Bajo la desganada mirada del Director, que estaba junto a la reja, los presos se reunieron a debatir mientras los guardias observaban la escena desde lejos. Frattini y Milla tomaron la palabra:
-        Nos entregamos. Si no, la va a pagar todo el Pabellón.
Los demás asintieron.
Al fin, Frattini llamó al Director y dio por terminado el motín. Lentamente, los presos regresaron a sus celdas. Cuando todos estuvieron dentro, el celador activó el mecanismo y las rejas se cerraron. Frattini, Milla y otros dos permanecieron en sus lugares, con las manos en alto. Sólo entonces el Director dio la orden de que los guardias se acercaran. Formaron dos filas en torno a la puerta para custodiar la salida de los cuatro cabecillas. La reja del Pabellón se abrió con un ruido metálico. El Director invitó a Frattini y a los demás a salir. Así lo hicieron, con las manos a la espalda. A medida que pasaban por el cerco de guardias, recibieron una descarga de insultos, golpes y patadas.

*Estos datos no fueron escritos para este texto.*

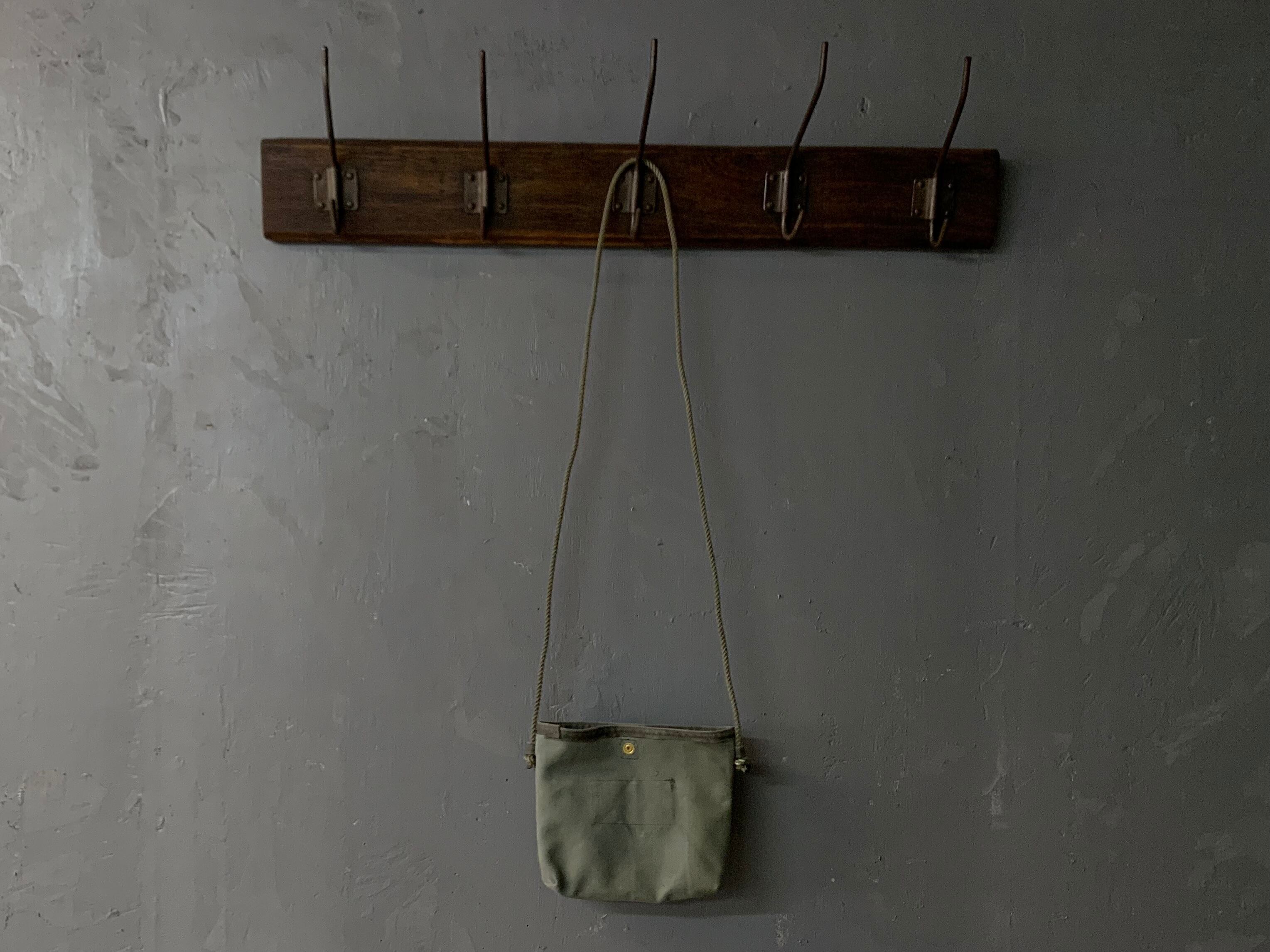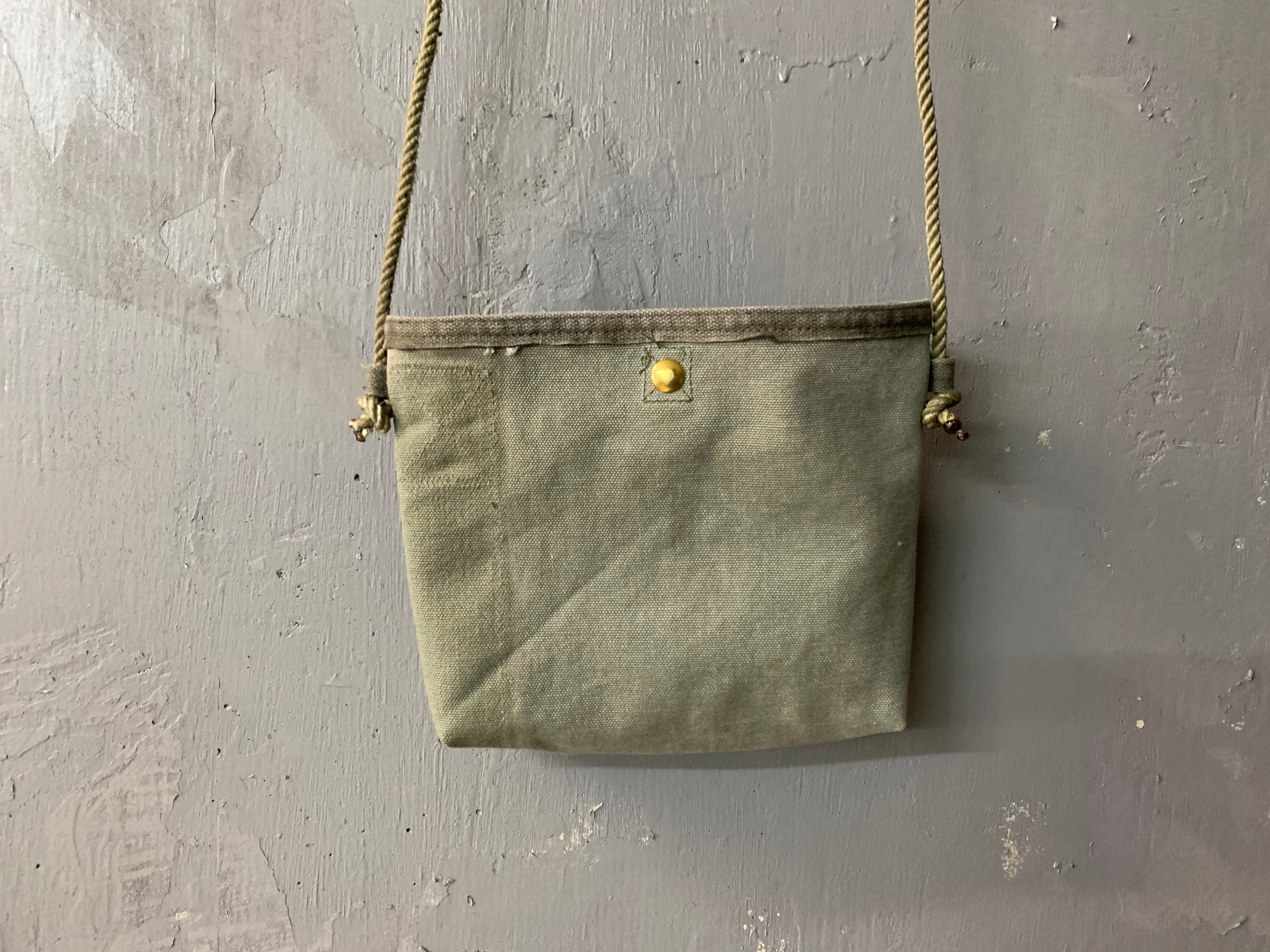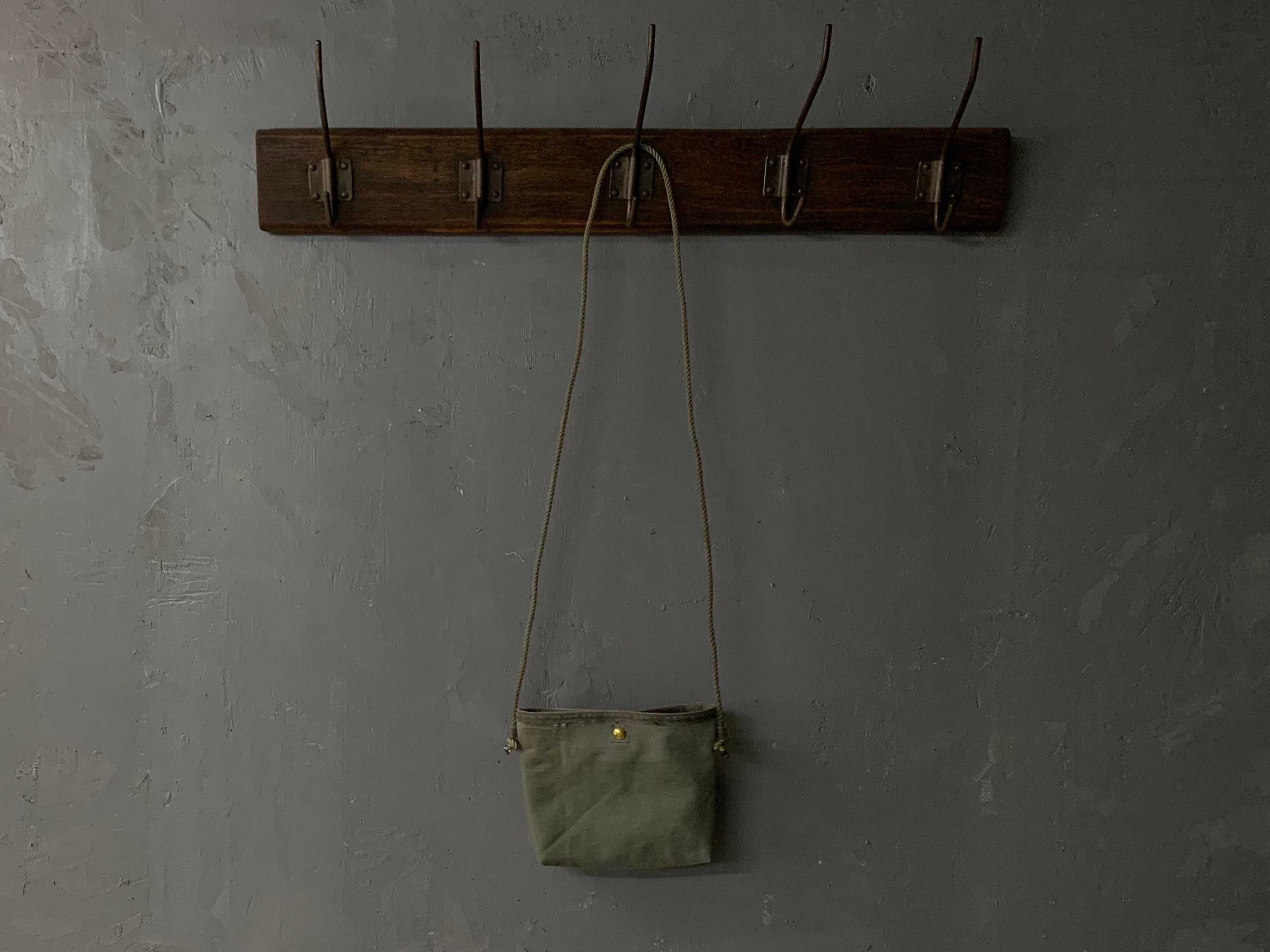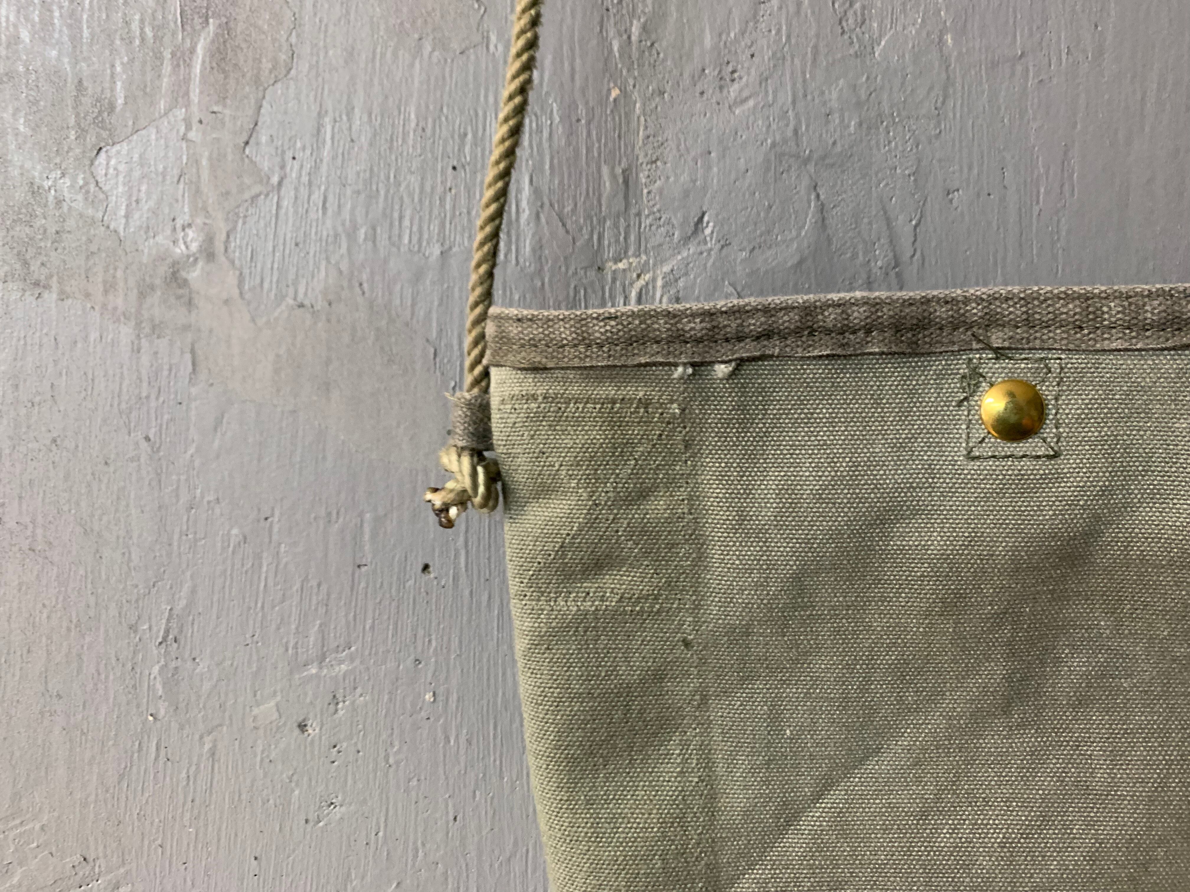 ショルダーの紐は50年代頃の旗を上げる時に使用される非常に丈夫な細いロープです。結び目をつくることでショルダーの長さを調節できます。

El ataque era feroz, pero sólo podía ser el prólogo de un largo y cruel castigo: encierro, picana, torturas. De pronto, Frattini vio que Milla se llevaba una mano a la boca, retiraba la Gillette que tenían escondida bajo la lengua y comenzó a cortarse los brazos para evitar la picana.
Pronto, los brazos de Milla comenzaron a sangrar a chorros.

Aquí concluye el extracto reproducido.